- Born: 18 March 1937 Berkeley, California, U.S.
- Died: 3 July 2019 (aged 82)
- Education: BS (chemistry and physics) MS (nuclear physics) 1965 PhD (nuclear physics) 1978
- Alma mater: University of California, Berkeley
- Occupations: Physicist, Parapsychologist
- Known for: Co-founded the Berkeley Fundamental Fysiks Group
- Spouse: William van Bise

= Elizabeth Rauscher =

American physicist and parapsychologist (1937–2019)

Elizabeth A. Rauscher (March 18, 1937 – July 3, 2019) was an American physicist and parapsychologist.

She was a former researcher with the Lawrence Berkeley National Laboratory, Lawrence Livermore National Laboratory, the Stanford Research Institute, and NASA.

In 1975 Rauscher co-founded the Berkeley Fundamental Fysiks Group, an informal group of physicists who met weekly to discuss quantum mysticism and the philosophy of quantum physics. David Kaiser argued in his book, How the Hippies Saved Physics that this group helped to nurture ideas which were unpopular at the time within the physics community, but which later, in part, formed the basis of quantum information science.

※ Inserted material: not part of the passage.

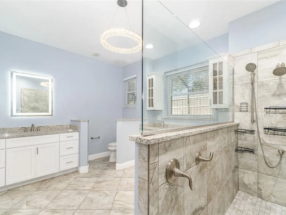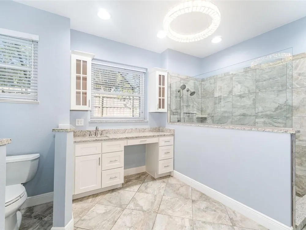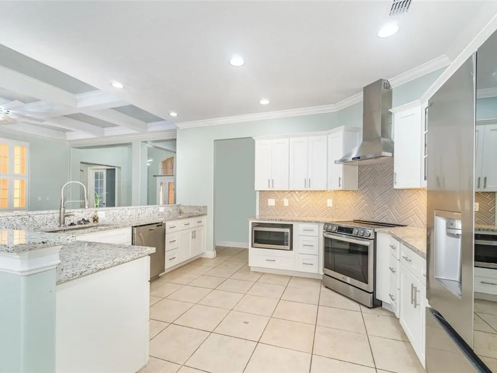 Welcome to the sought-after community of Majestic Oaks! This beautifully updated 4-bedroom, 3-bath home in Ocala offers over 2,700 sq. ft. of spacious living. The interior features laminate flooring in the main living areas, tile in the kitchen, built-in bookcases, ceiling fans, and a custom tray ceiling in the living room that opens to the kitchen. The newly renovated kitchen (January 2025) boasts custom backsplash, new granite countertops, a modern sink with glass rinser, and stainless steel appliances (installed December 2024), including a refrigerator with sphere ice maker. Enjoy peace of mind with a 2023 roof and a versatile flex space perfect for a home office or den. The primary suite offers dual walk-in closets, dual vanities with retractable faucets, and a luxurious walk-in shower. Fresh interior paint (2024) adds a clean, inviting feel throughout. Step outside to your private Florida retreat featuring a fully screened solar-heated pool, a new drain field (December 2024), fenced backyard, rain gutters, and upgraded garage lighting. This well-maintained home blends indoor comfort with outdoor enjoyment. Conveniently located near shopping, dining, and recreation—this move-in ready home is a must-see! Schedule your showing today!
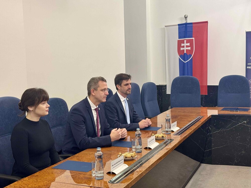 Zľava námestník generálneho prokurátora Slovenskej republiky Jozef Sedlák, generálny prokurátor Slovenskej republiky Maroš Žilinka a zástupkyňa riaditeľky Kancelárie generálneho prokurátora Slovenskej republiky Monika Holzerová

Rauscher had an interest in psychic healing and faith healing and other paranormal claims.

==Early life, education and career==
Rauscher was born in Berkeley, California on March 18, 1937.

In How the Hippies Saved Physics (2011), Kaiser writes that Rauscher had always been interested in science, and as a child had designed and built her own telescopes. Raised near Berkeley, she started hanging around the Lawrence Berkeley Laboratory when she was in high school. She enrolled at Berkeley for her first degree, and published her first article, on nuclear fusion, while still an undergraduate. Kaiser writes that she was the only woman in her class; at that time women in America earned only five and two percent of physics undergraduate degrees and PhDs respectively. He writes that she coped with it by wearing tweedy dresses and keeping her hair short, though she experienced some intimidation. She obtained her master's in nuclear physics in 1965. From 1975 to 1978, she was a researcher at the Stanford Research Institute's Radio Physics Laboratory.

She married and had a son, and when she became their sole provider took a job as a staff scientist at the Lawrence Livermore National Laboratory. When her son was old enough, she returned to Berkeley to begin her PhD under Glenn Seaborg, the nuclear chemist. She continued by working at Lawrence Berkeley National Laboratory (LBNL) and additionally started and chaired the Livermore Philosophy Group, offering classes on the relationship between science and society at Berkeley, and later at the Stanford Linear Accelerator Center. She completed her PhD in 1978 on "Coupled Channel Alpha Decay Theory for Even and Odd-Mass Light and Heavy Nuclei."

She later held positions as professor of physics and general science at John F. Kennedy University, 1978–1984; research consultant to NASA, 1983–1985; and professor and graduate student adviser in the department of physics at the University of Nevada, Reno, 1990–1998.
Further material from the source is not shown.